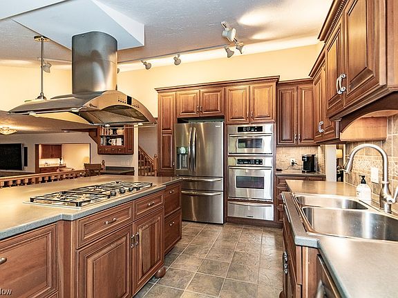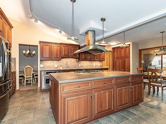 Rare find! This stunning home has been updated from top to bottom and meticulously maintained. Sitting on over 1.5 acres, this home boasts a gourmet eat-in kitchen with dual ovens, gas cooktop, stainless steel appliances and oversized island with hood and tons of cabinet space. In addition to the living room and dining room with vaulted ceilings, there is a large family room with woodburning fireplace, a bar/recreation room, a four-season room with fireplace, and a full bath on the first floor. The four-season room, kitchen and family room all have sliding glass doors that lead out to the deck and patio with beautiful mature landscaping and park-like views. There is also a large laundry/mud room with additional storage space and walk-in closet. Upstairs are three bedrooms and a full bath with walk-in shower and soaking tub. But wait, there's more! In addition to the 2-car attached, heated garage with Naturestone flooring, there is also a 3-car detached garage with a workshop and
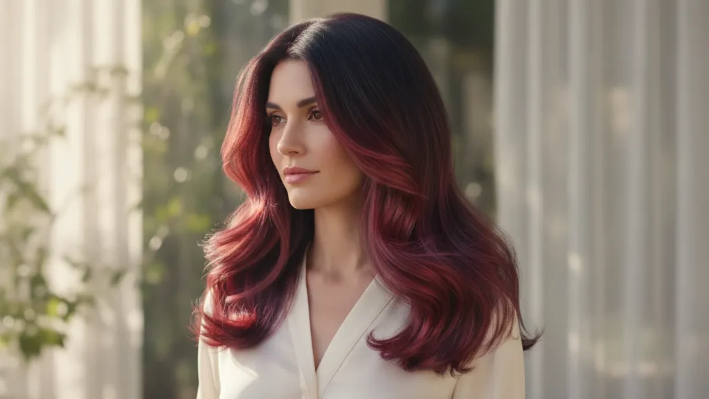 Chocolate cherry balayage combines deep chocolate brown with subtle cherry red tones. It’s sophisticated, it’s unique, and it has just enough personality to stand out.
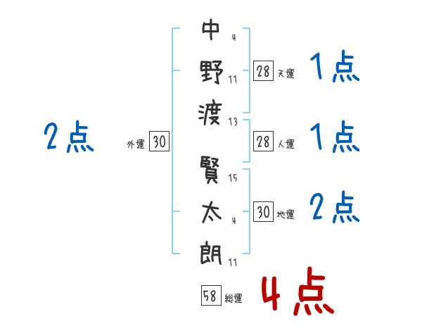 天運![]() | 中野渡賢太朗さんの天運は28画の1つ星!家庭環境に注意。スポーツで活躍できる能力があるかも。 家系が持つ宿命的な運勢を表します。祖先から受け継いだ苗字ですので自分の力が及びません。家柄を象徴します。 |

==

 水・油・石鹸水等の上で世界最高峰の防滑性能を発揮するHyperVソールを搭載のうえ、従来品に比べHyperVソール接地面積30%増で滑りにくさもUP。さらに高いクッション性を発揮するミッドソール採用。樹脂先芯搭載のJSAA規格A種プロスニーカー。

### PROMPT
Could you write out exactly the lines of the data above that run from the one holding "Chocolate cherry balayage" to the one holding "天運![]() | 中野渡賢太朗さんの天運は28画の1つ星!家庭環境に注意。スポーツで活躍できる能力があるかも。", with both ends in and all pictures out?

### YOUR SOLUTION
 Chocolate cherry balayage combines deep chocolate brown with subtle cherry red tones. It’s sophisticated, it’s unique, and it has just enough personality to stand out.
 天運![]() | 中野渡賢太朗さんの天運は28画の1つ星!家庭環境に注意。スポーツで活躍できる能力があるかも。 家系が持つ宿命的な運勢を表します。祖先から受け継いだ苗字ですので自分の力が及びません。家柄を象徴します。 |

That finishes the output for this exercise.